The Bell in the Fog, Lev A.C. Rosen
In Rosen’s follow-up to the Lambda and Anthony-award nominated Lavender House, Evander “Andy” Mills sets out as a private investigator in 1952 in San Francisco. Although he’s proven his skill as a detective in the closed world of the first novel, being an ex-cop puts him at a disadvantage: on principle, the queer community doesn’t trust cops, even gay ex-cops. When an old flame, who disappeared from his life years ago, turns up wanting him to investigate blackmail, he balks, but he needs the money. To solve the case, he has to confront the closeted world of the Navy, where gay men walk the line between being themselves and having their lives destroyed by a homophobic system. Andy must face his past as he pursues the culprit, making the solution to the crime personal and the stakes high.
November
A Season in Delhi, Scott Alexander Hess
Lambda Award-finalist Hess’s novella is the first in Rebel Satori’s new Bijou Book collection, focusing on short works of fiction. It opens with a newly married gay couple, Brant and Lloyd, as they take in the colorful and overwhelming atmosphere of Delhi—think E. M. Forsters’ A Passage to India—but soon things take a dark turn when Brant’s infidelity is exposed, and Lloyd leaves him.

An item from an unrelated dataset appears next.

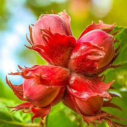 Лещина (фундук) Московский Рубин. Краснолистный зимостойкий сорт. Плодоносит почти ежегодно. В соплодии бывает до 15 орехов. Урожайность 3 кг с куста. Куст сильнорослый, высотой 450 см. Орехи крупные (2,8 х 1,8 см), ярко-малиновые, созревают поздно, в начале октября. Скорлупа тонкая. Содержание жира 63%. Ядро вкусное. Сорт самоплодный, хороший опылитель для других сортов и гибридов.
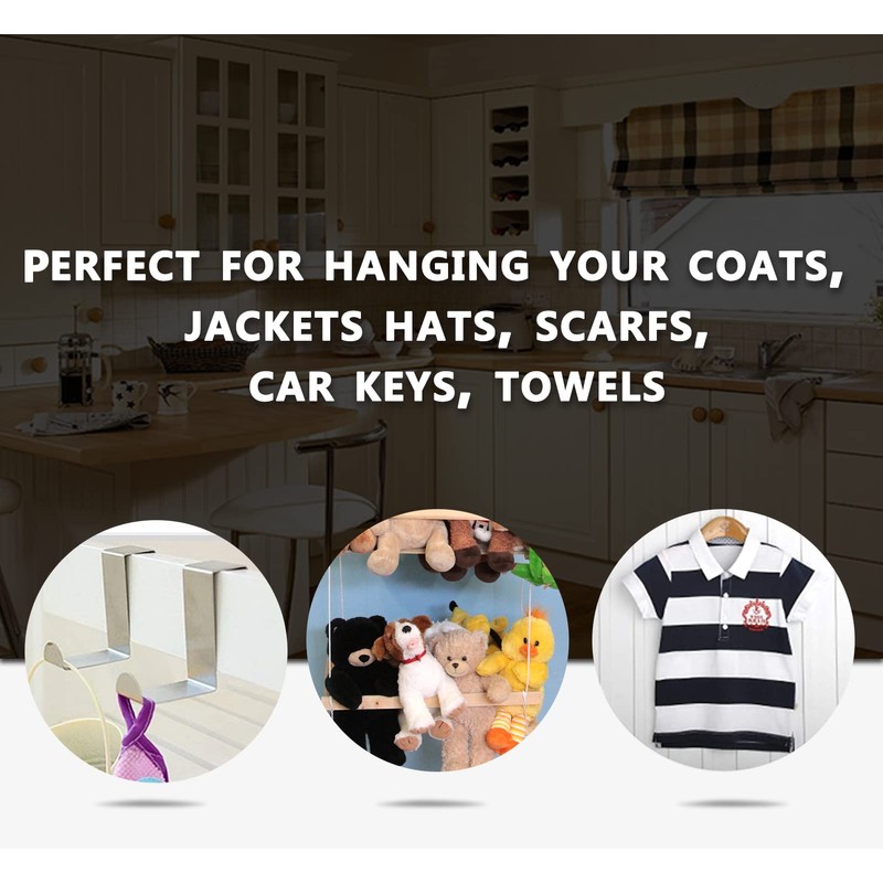 - Wide Application: The over the door hook is widely applied to living room, bathroom, bedroom, kitchen, office, door, cabinet and drawer. Make the most of the space behind the door for hanging and organizing backpacks, coats, umbrellas, purses, belts, towels, bathrobes etc.

In the wake of the breakup, Brant discovers the long-buried journal of a diplomat’s wife, Carol, in the garden, recounting her steamy love affair circa 1950. As Brant connects with Carol’s story and then Carol herself, the truth of each affair unravels with a mystery plot’s pacing, reminiscent of a Graham Greene novel, exposing complex moral dilemmas and asking the question: What is forgivable?
Leverage, EJ Noyes
In Leverage, the second installment of the Noyes series featuring Intelligence Analyst Lexie Martin, Lexie goes on the run from her own government after obtaining volatile information from the secret organization, but when she eventually turns herself in, she’s mysteriously not punished, and freed—why? Despite the lingering confusion, she begins dating Sophia, the woman she’s been pursuing, and everything seems okay for now. But she’s snubbed the President, and he will not let her get away with it. Soon she’s reassigned to the field amid hostile territory; clearly, his underhanded punishment for her embarrassing him, and all she wants to do is make it home and back to Sophia.
December
Two Wings to Hide My Face, Penny Mickelbury
Award-winning author Penny Mickelbury’s 16th novel, a follow-up to To Wings to Fly Away, takes us to pre-Civil War Philadelphia, where both runaway slaves and free Blacks are being hunted by slave-catcher gangs and sold to slave owners in the South. With vicious anti-Black hatred on the rise, war close at hand, and even White allies in danger, Genie Oliver—who wears men’s clothing to keep herself safe and move about with a degree of agency in the antebellum North—decides with her found family to trek to Canada to live a better life, but will they make it? With danger crossing her path at every turn, they are in a race for their lives.